I wrote "Doesn't anybody know about him" because of でしょう


----------



## masatom

Thank you very much, Travis1085.

Thanks to your correction, I can understand almost all of my mistakes.
I agree Doesn't is better.
23th →　I am shamed of comitting such a basic error.
I know 0:13 →12:13
I can understand why "the" , "a"is worng. 
Only one point:
I thought some problem was better in this situation. 
In my head, some problem and a problem are almost the same.
And using "some" is even better in this situation.
Because using "some" , I can emphasis the point that ある　of ある問題.

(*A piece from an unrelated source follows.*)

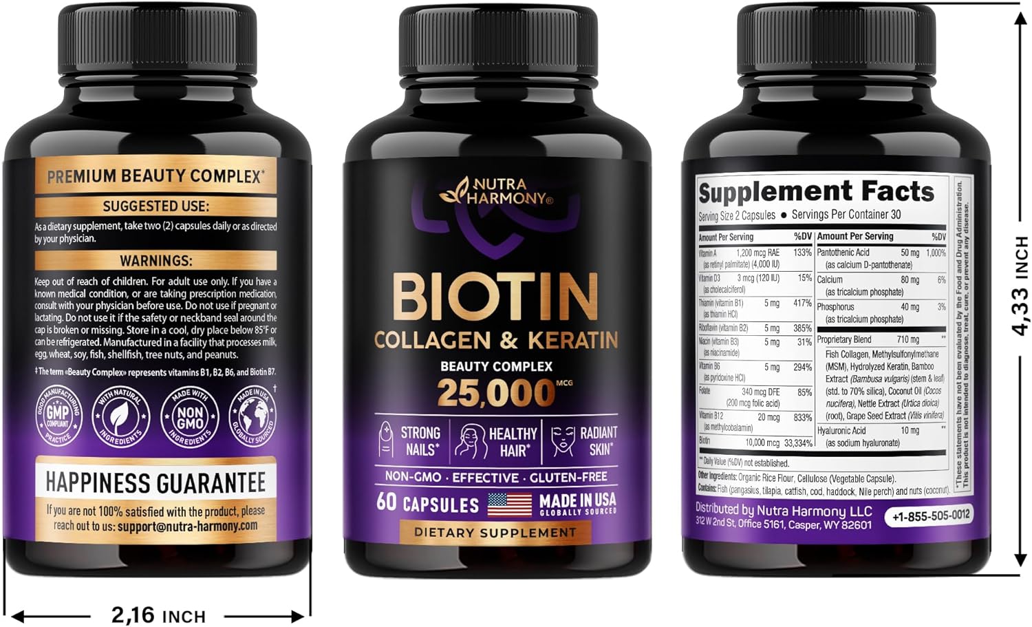 - Biotin with Hyaluronic Acid & Collagen Supplement — The Nutraharmony biotin supplement contains potent Biotin, Collagen, Keratin, and other essential nutrients that naturally support your health and beauty. Take two capsules a day with our highly bioavailable formula that promotes fast and proper absorption. Take care of your skin.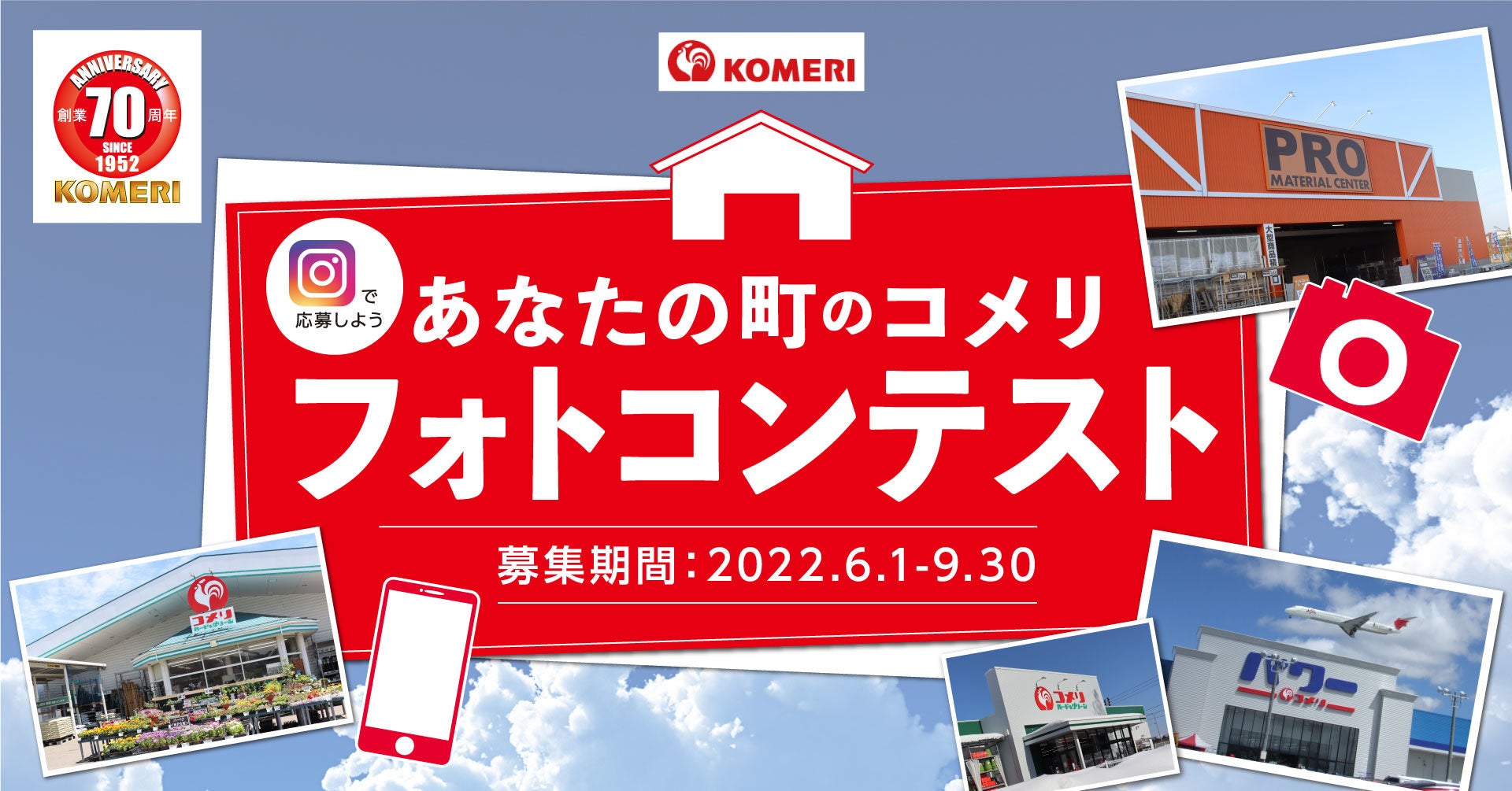 そこで、この度コメリの創業70周年を記念いたしまして「あなたの町のコメリ フォトコンテスト」を開催いたします。今回の応募テーマは、みなさまのお近くのコメリ店舗と風景写真、そして皆様のコメリにまつわる思い出です。ご応募いただいた方の中から抽選で70名様に新潟県産コシヒカリをプレゼントいたします。皆様からのご応募お待ちしております。

ある問題　means the talker has the specific problems with that person.
It may be about money, or about love affairs, or violence, or something else I can't imagine.
The talker knows what kind of problem it is. But he/she want to hide what kind of trouble to the readers or listeners.
So ある問題 is the problem which I don't want to say in detail but some kind of problem.

In this situation, I think natives prefer "some" rather than "a".

But hearing from you I've learned "a" is more natural to native's ear.
Thank you.

Edit: I am sorry to find that the original Japanese is 問題,  not ある問題.
I mistake it.  
And I know now that "a" is of course better.


----------



## Sheylabsb

Thank you very much, just a little question: "40．*Re: 隱ｰ縺狗衍繧峨↑縺・〒縺励ｇ縺・°窶･* ", is this what means: "Please give me any information about him"? Thanks


----------



## masatom

Hi. Sheylabsb,

"40．*Re: 隱ｰ縺狗衍繧峨↑縺・〒縺励ｇ縺・°窶･* "

If you see exactly the same letters with me, it is greeking ( or funny characters).
At least my computer displays greeking.
It is some kind of machine trouble.

So it is impossible to read unless the computer displays the original letters.

Thank you.


----------



## travis1085

If it was ある問題, it would be said as "some problems" just to let you know. Because you are having more than one problem and problem must be made plural.

I found out the text that is greeking originally said "誰か知らないでしょうか‥", same as the title of the original message.

I changed the time to 12-hour time because it is much more common for Americans.


----------



## masatom

Thank you travis1085
I appreciate you very much.

May I ask a question? 
Do you have politeness or indirect feeling or decency in negative question?

誰か知らないでしょうか？　Doesn't anybody know about him?
誰か知ってますか？　　　　Does anybody know about him?

The answer is identical to both questions. Yes or no.
I also think the questions are almost identical by its nature. Only the difference of expression.
Then what is the difference? What is the nuance?

As Japanese sentence, we think the former is a little more polite. Because the former have somehow the feeling of decency which comes from indirect expression. 
I don't know negative question have politeness or indirect feeling in English.


----------



## masatom

Thank you travis1085.

I have different opinion according to ある問題.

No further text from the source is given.